I am learning about ridge regression, so I am implementing it in MATLAB as practice. However, I am having trouble finding a structure of data where ridge regression performs better than an ordinary least squares.
Reading up I've found that data that is collinear is often better to be regularized. However when I implemented this in the below code least squares is performing just a well as ridge regression (the best lambda parameter is in the range e-10, almost non-existent!). MATLAB tells me that X is rank deficient (rank=2) when using the built in function for least squares, however it still performs well?

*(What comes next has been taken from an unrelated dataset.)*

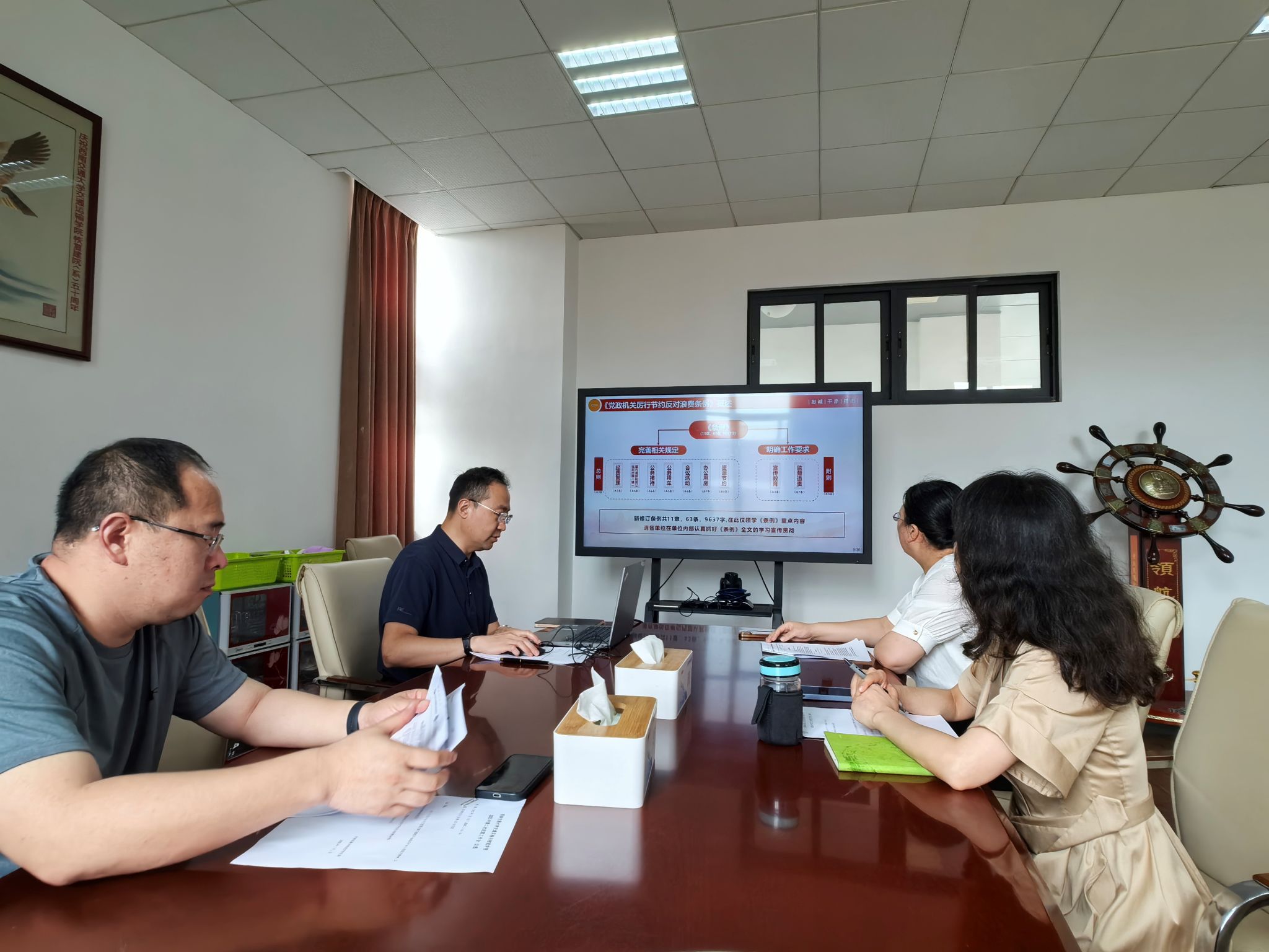 随后,刘继宗领学了《党政机关厉行节约反对浪费条例》,重点对经费管理、国内差旅、公务接待、公务用车、会议活动、办公用房、资源节约等关键章节进行了详细解读,并结合公司纪检监察日常工作实际,就如何在工作中落实厉行节约、反对浪费进行了深入探讨。

I was wondering if anyone knew why this was performing this way, is my data perhaps not collinear enough to show a real performance difference, or have I misunderstood something?
% Generate data;
clear;
Nt = 100;
X(:,1) = randn(Nt,1);
X(:,2) = 2*X(:,1) + 6;
X(:,3) = 12*X(:,2) + 16;
p=[0.74,3,4.5];
y = X*p' + randn(Nt,1);
% Least Squares;
pLS = X\y;
%pLS = pinv(X'*X)*(X'*y);
nmseN = sum((X*pLS-y).^2)/length(y)/var(y);
% Tikhonov;
lspace = logspace(-10,-1,1000);
bestNMSE = inf;
bestLambda = -1;
I=eye(size(X, 2));
for lambda=1:length(lspace)
prLS = pinv(X'*X + lspace(lambda)*(I'*I))*(X'*y);
nmse = sum((X*prLS-y).^2)/length(y)/var(y);
if nmse<bestNMSE
bestNMSE=nmse;
bestLambda=lspace(lambda);
end
end
prLS = pinv(X'*X + bestLambda*(I'*I))*(X'*y);
nmseR = sum((X*prLS-y).^2)/length(y)/var(y);